Optionally, the product can be stored prior to use. The storage time is preferably short. Thus, the storage time may be less than 60 days, 45 days, 30 days, 20 days, 15 days, 10 days, 7 days, 5 days, 3 days, 2 days, 1 day, or 12 hours. In a preferred embodiment, if live cells are present in the product, the product is stored at a cool temperature such as, for example, less than 20° C., 15° C., 10° C., or 5° C.

In certain embodiments, the anti-biofilm composition of the subject invention can comprise antimicrobial agents. The antimicrobial agents can be bactericidal or bacteriostatic. AN exemplary antimicrobial agent is vancomycin; however, other envisioned antimicrobial agents include beta-lactam antibiotics, daptomycin, fluoroquinolones (e.g., ciprofloxacin), metronidazole, nitrofurantoin, co-trimoxazole, telithromycin, and aminoglycosidic antibiotics.

In preferred embodiments, methods are provided for applying an anti-biofilm composition directly onto an existing biofilm or onto a surface that can be fouled by a biofilm, wherein elasnin and/or a bacterial culture comprising an elasnin is applied to a biofilm or onto a surface. The use of anti-biofilm compositions according to the subject invention can provide a variety of improvements upon application to a biofilm, surface, and/or object. The described elements of the subject invention are not an exhaustive examination of all applications.

In certain embodiments, the anti-biofilm composition can disrupt the structure of the biofilm, including the EPS. The anti-biofilm composition can inhibit biofilm-forming organisms from establishing a biofilm structure, primarily the EPS, water channels, and pore structures.

The anti-biofilm compositions of the subject invention can be applied to a variety of inorganic or organic object surfaces such as, for example, metals including steel, aluminum, iron; organic matter including wood, coral, paper, cotton, silk, hair, skin, fur, rubber or plants; plastics; minerals including gypsum; glass; concrete; plaster; clay; or stucco. The surfaces can be used in a variety of industries including medical device, aquaculture, fishing, water desalination, water purification, nuclear power plants, and marine and freshwater navigation. The surfaces can be tubing, pipes, needles, pumps, propellers, hulls, decks, railings, buoys, barges, docks, and chains, ropes. The compositions can be applied to objects that reside in a range of temperatures, aquatic environments, or other stress-inducing conditions. The anti-biofilm compositions can be added to a traditional coating product such as, for example, paints, primers, lacquers, stains, and sealants. Additionally, the anti-biofilm compositions can be applied to an object preceding, concurrently, or after a traditional coating product is applied.

The composition can be applied to the surface or biofilm by spraying using, for example, a spray bottle or a pressurized spraying device. The composition can also be applied using a cloth or a brush, wherein the composition is rubbed, spread or brushed onto the surface or biofilm. Furthermore, the composition can be applied to the surface or biofilm by dipping, dunking, or submerging the surface into a container having the composition therein.

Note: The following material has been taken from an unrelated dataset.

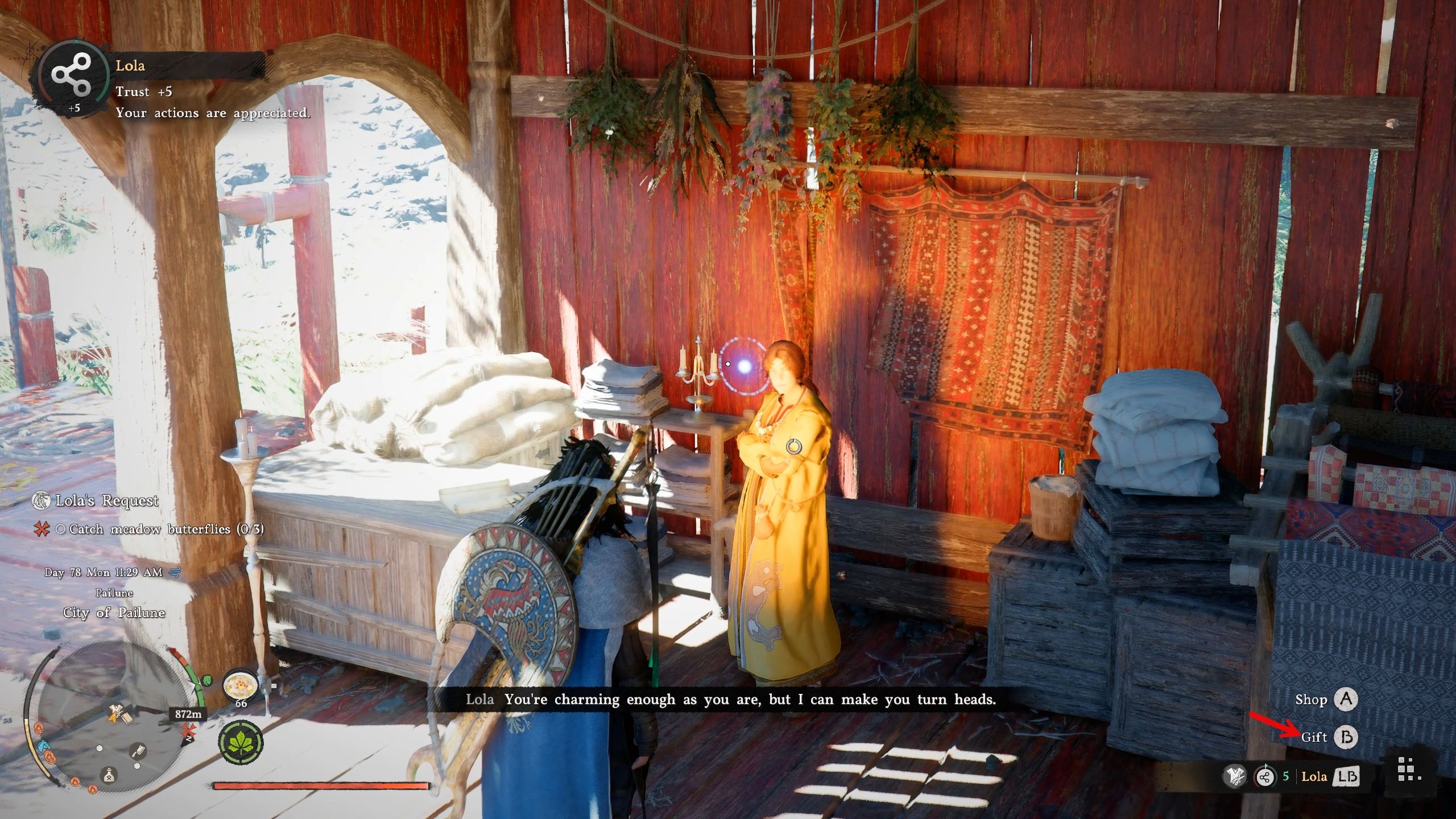 You can build trust with Lola by talking to her and giving her gifts. She especially likes Copper Pouches, which you can earn by defeating weaker enemies in Pywel. Each pouch will increase her trust by 5 points, and you’ll need to give her between 18 and 19 pouches to max out her trust level.

In certain embodiments, the elasnin-based composition can inhibit biofilm formation and/or eradicate mature or immature biofilms of bacteria with nonlethal effect on cells. The elasnin-based composition can be combined with antimicrobial agents if bacteriostatic or bactericidal activity is required. Preferably, the biofilms are composed of Gram-positive bacteria, but other bacteria, including Gram-negative bacteria, are also envisioned.